[Records drawn from a dataset]
/---

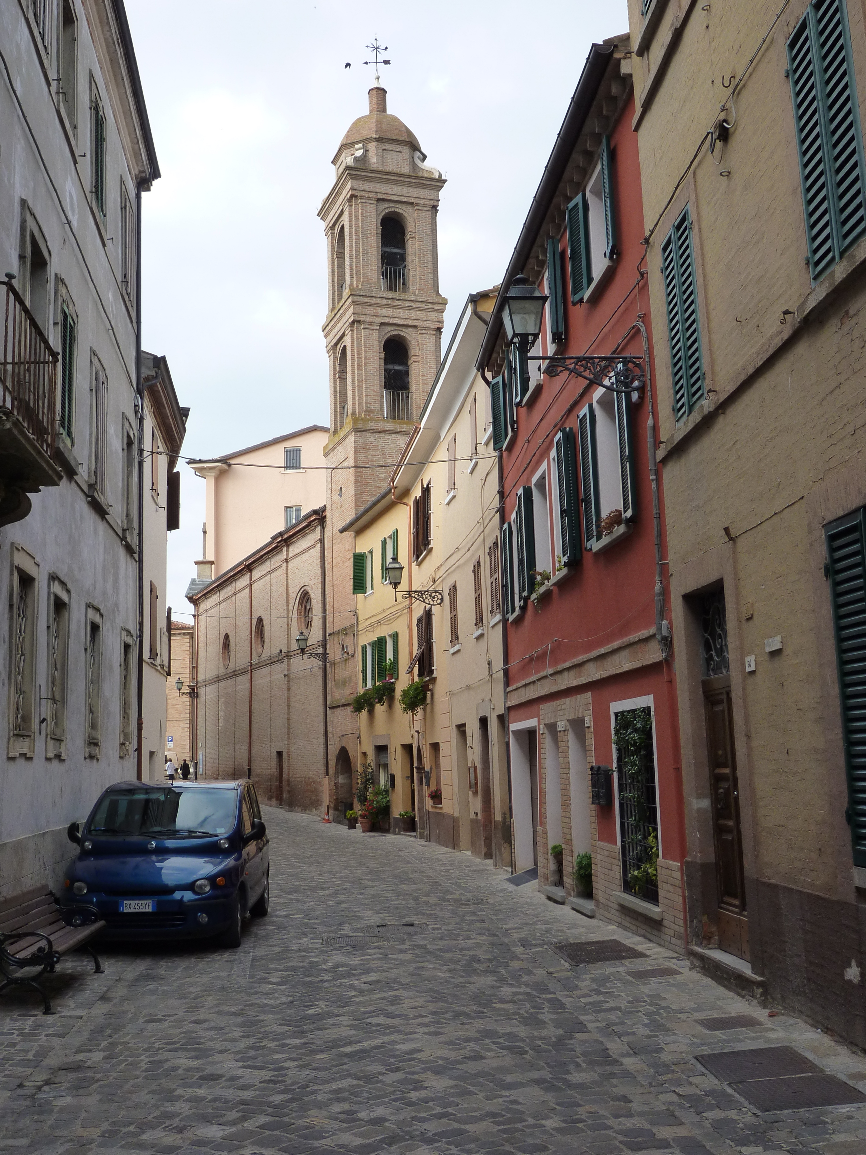 Via Crescentini, Sassocorvaro, province of Pesaro-Urbino, Marche
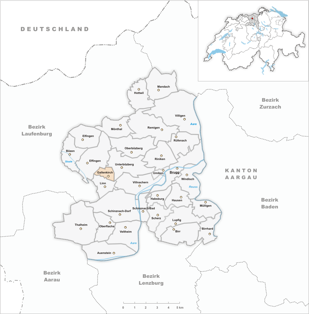 Municipality Gallenkirch
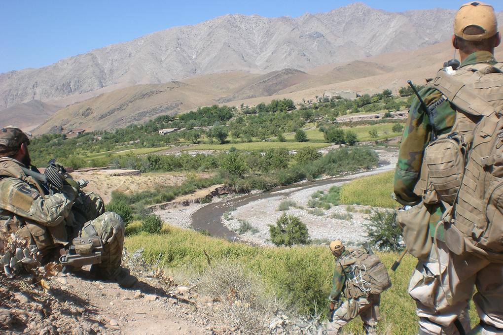 Militairen van het Korps Commandotroepen, onderdeel van Taskforce 55, tijdens een patrouille in Zuid-Afghanistan
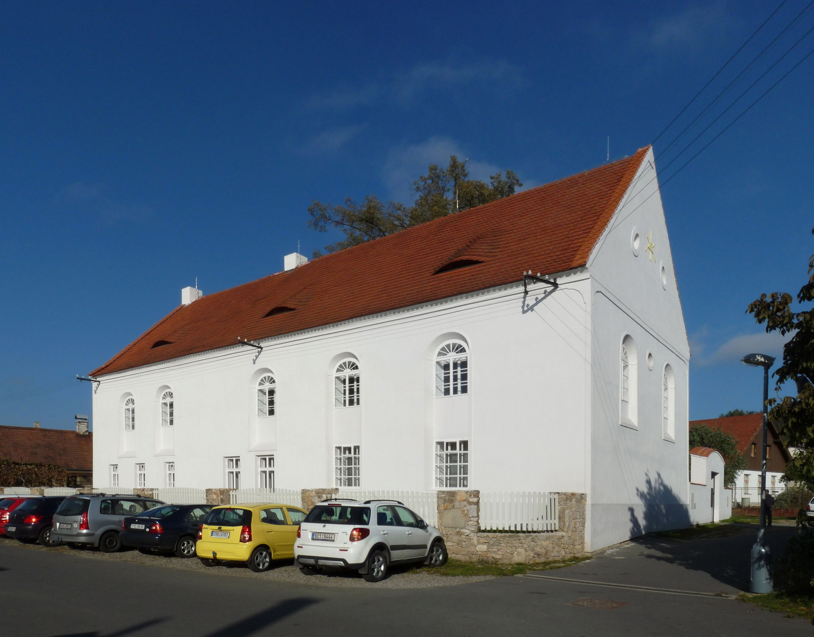 Synagogue in the municipality of Čkyně, Prachatice District, South Bohemian Region, Czech Republic.
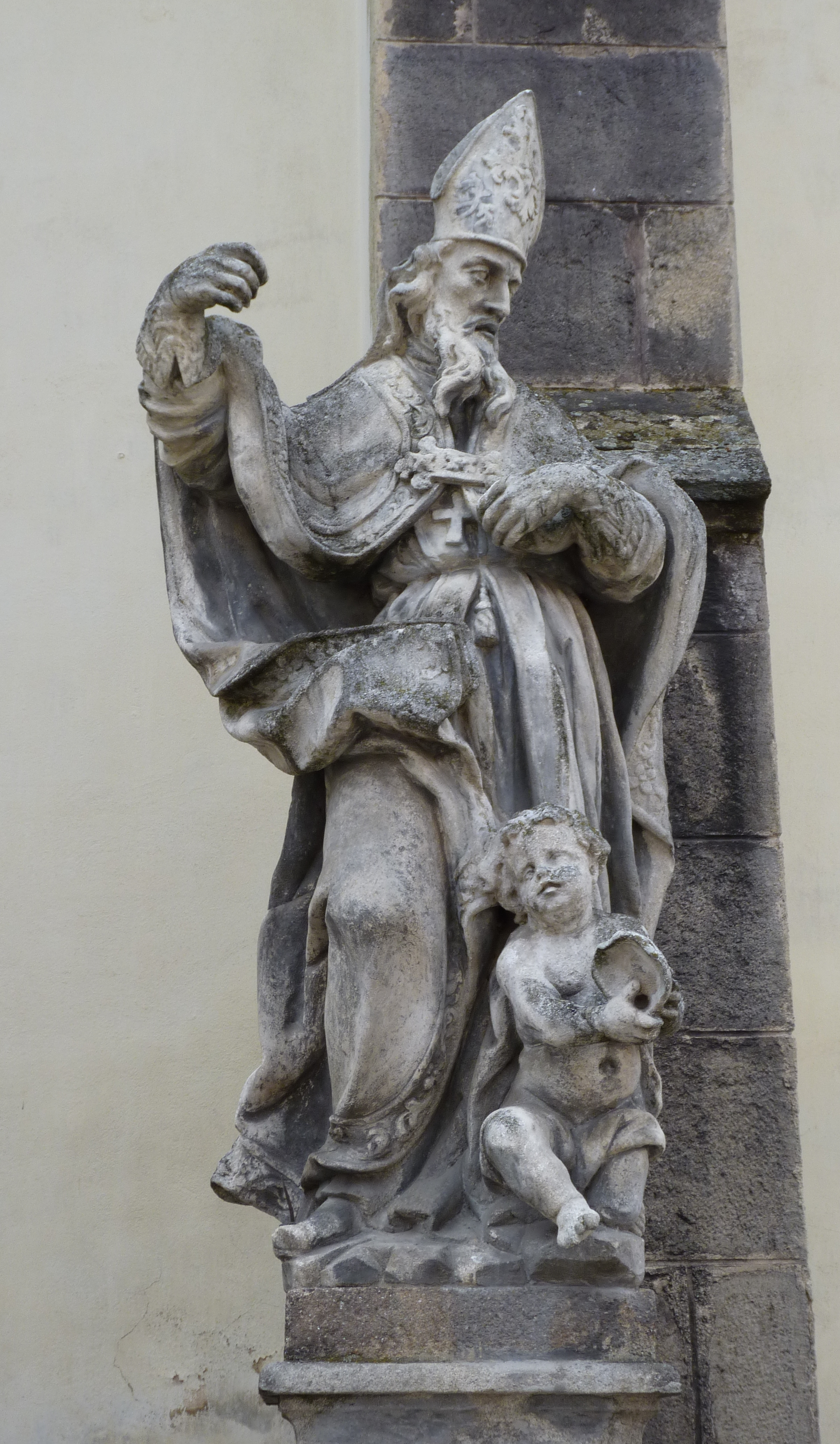 Třeboň. Jindřichův Hradec District, South Bohemian Region, Czech Republic
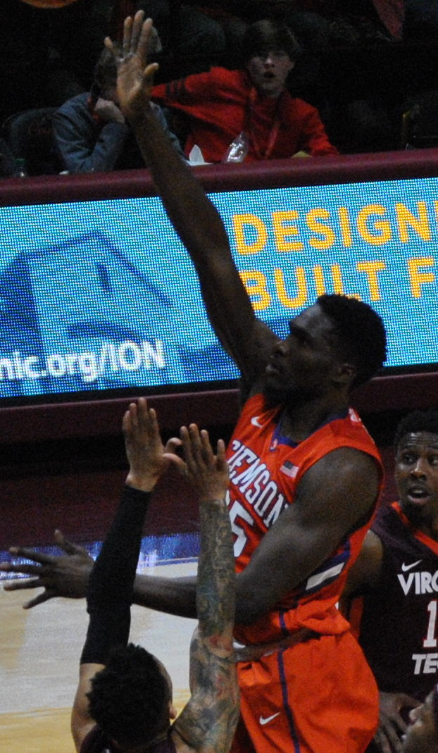 Landry Nnoko plays tall around the basket
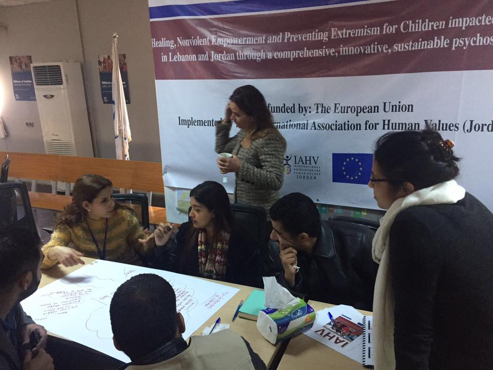 The European Union co-funds the project, "Healing, non violent empowerment and preventing extremism" of the International Association for Human Values, Jordan, at the Zaatari refugee camp to address the needs of the Syrian refugees.
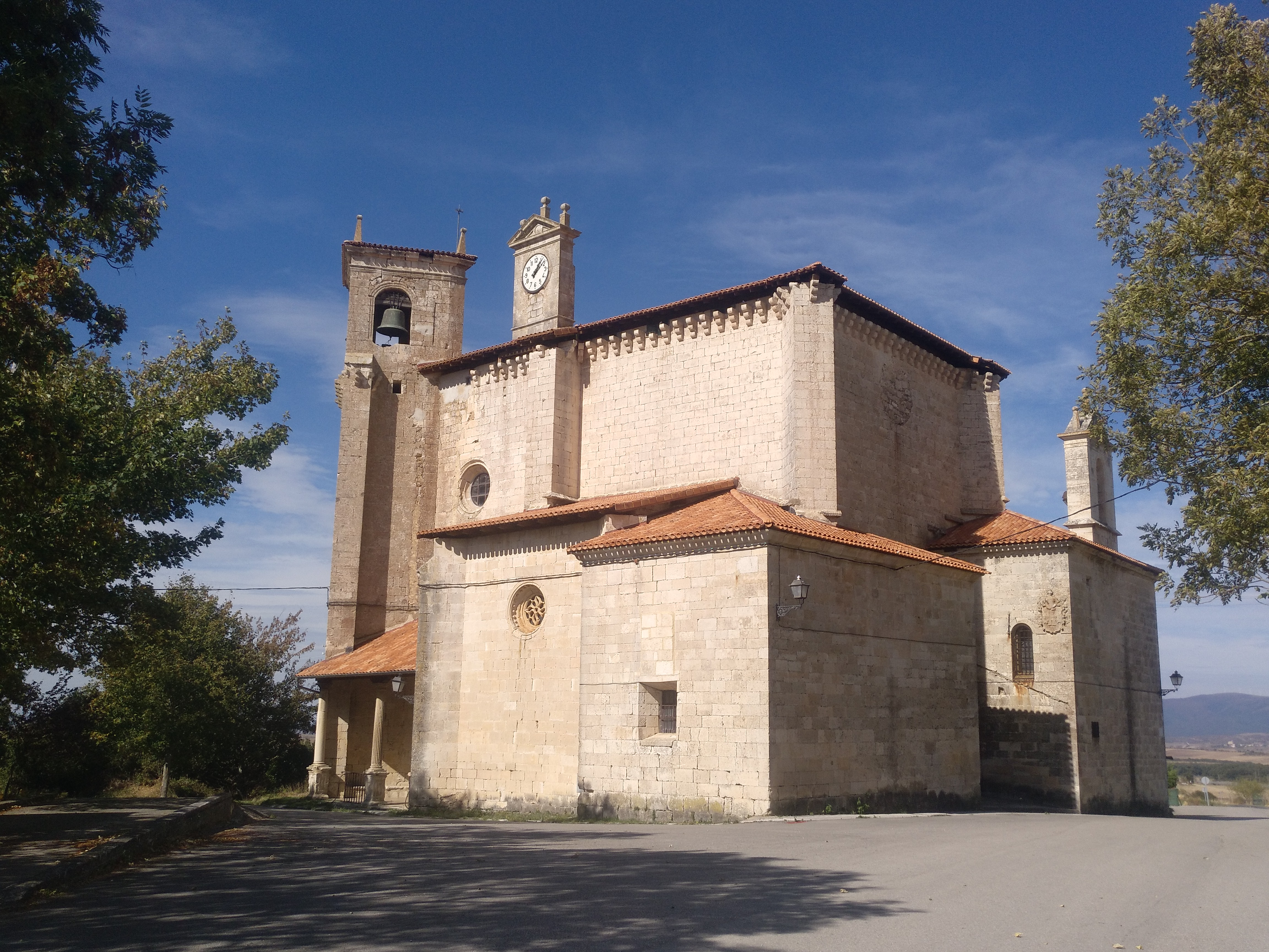 Church of Bikuña in Donemiliaga municipality
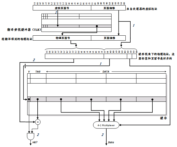 混合使用虚拟和物理地址的缓存
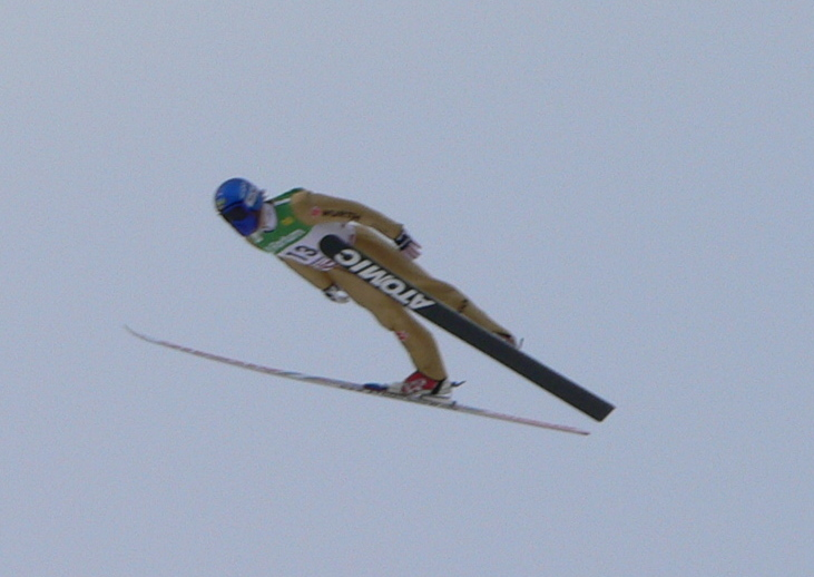 From the 2005 World Cup Nordic Combined event in Holmenkollen.
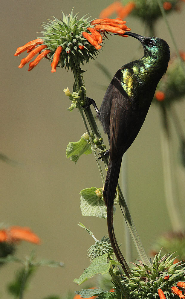 A breeding plumage male feeding on Leonotis blossoms.
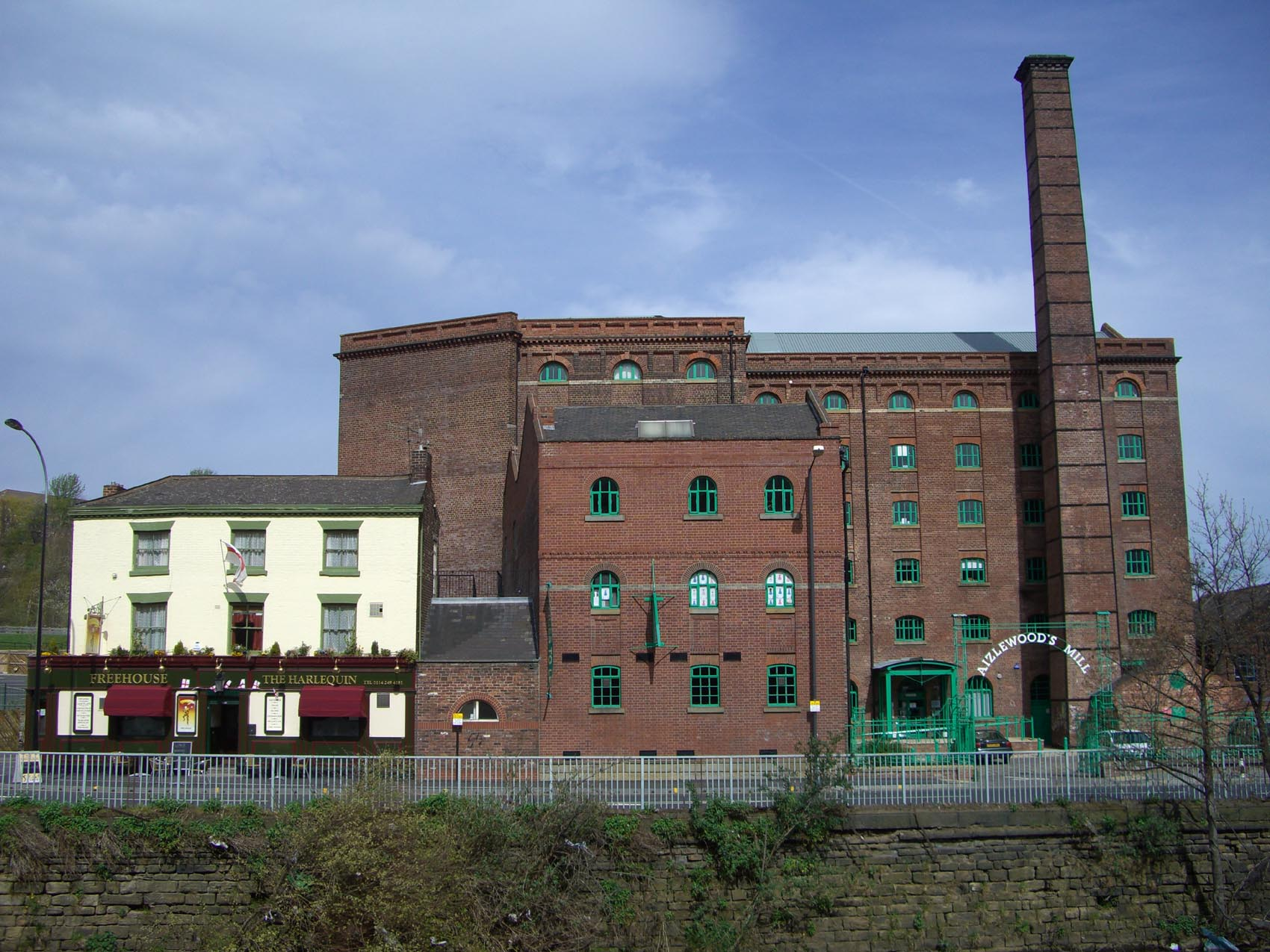 Aizlewood's Mill, Nursery Street, Sheffield, South Yorkshire, seen from the west from across the River Don. On the left at the junction with Spitalfields is the Harlequin pub.
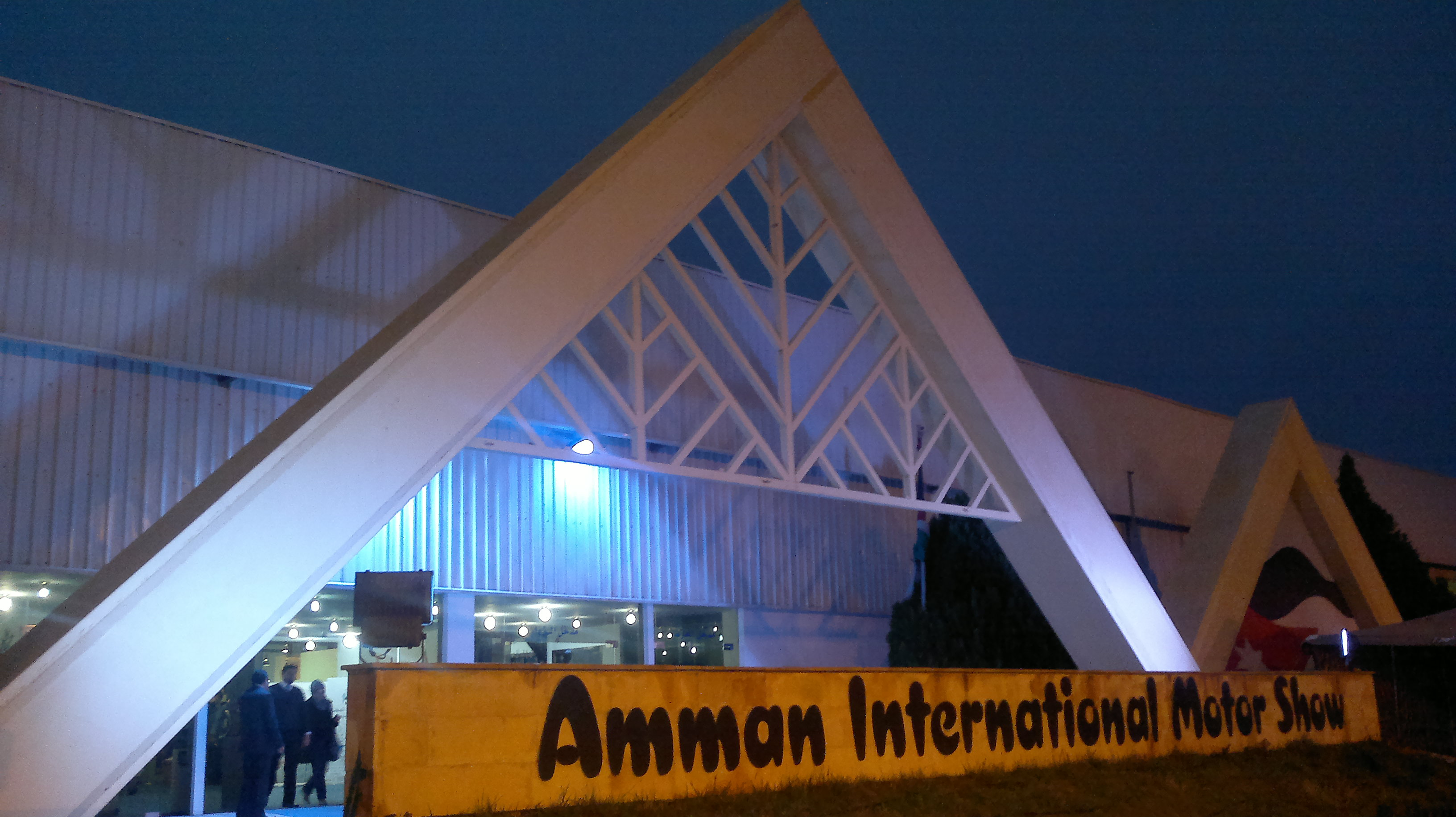 Amman Int. Motor show
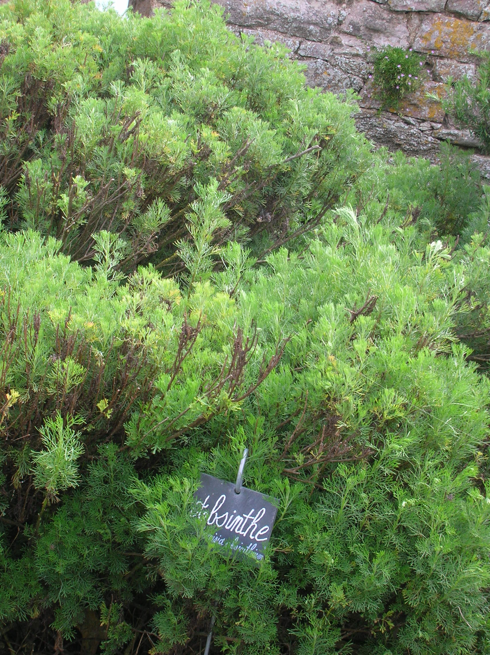 Artemisia absinthium
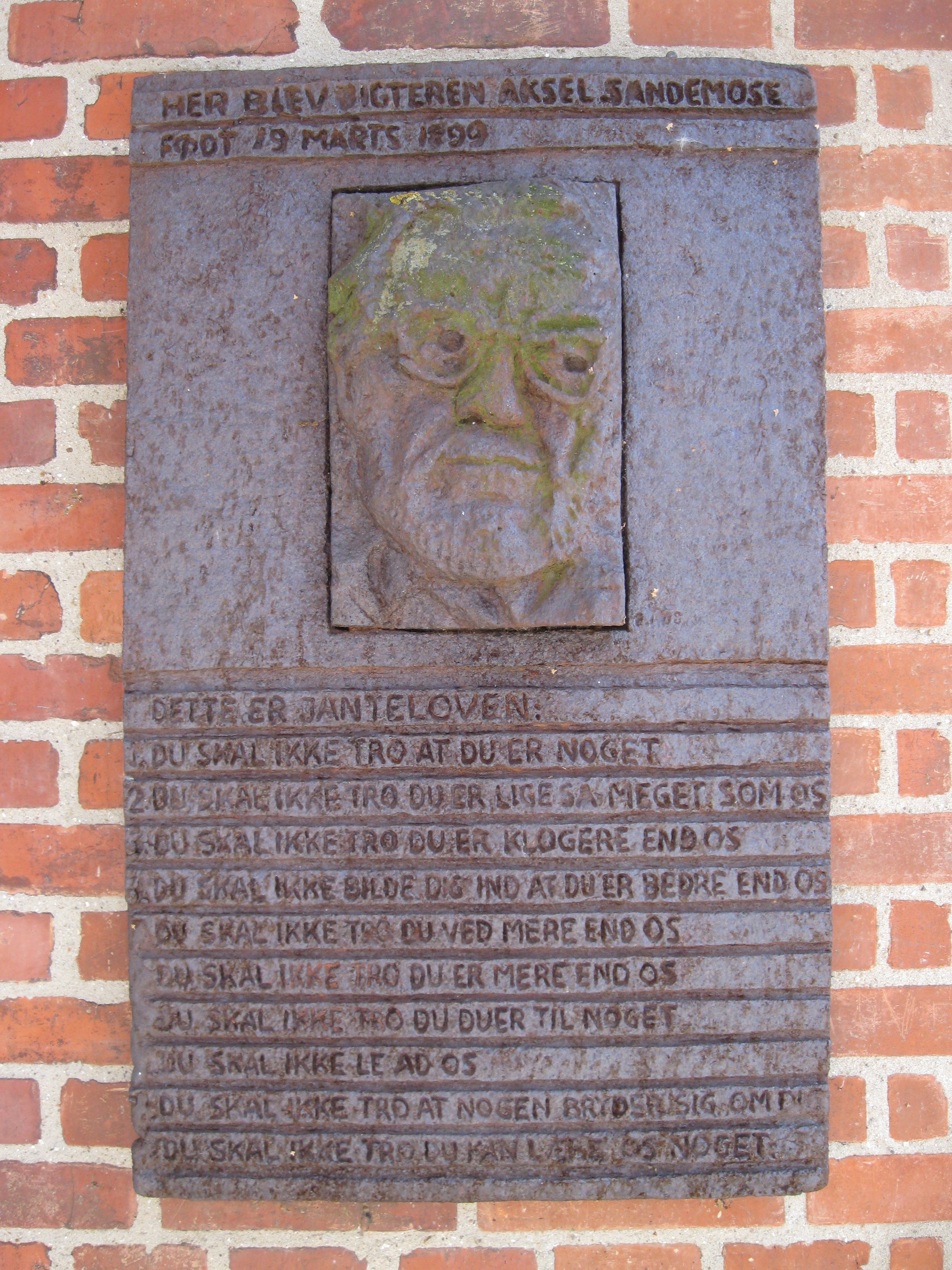 Janteloven written by Aksel Sandemose, Nykøbing Mors, Denmark

\---

• [Task to carry out]
Retype the lines exactly as they appear, beginning with the line that contains "Amman Int. Motor show" and ending with the final line of the entries, and omit the pictures.

• [Written response]
 Amman Int. Motor show
 Artemisia absinthium
 Janteloven written by Aksel Sandemose, Nykøbing Mors, Denmark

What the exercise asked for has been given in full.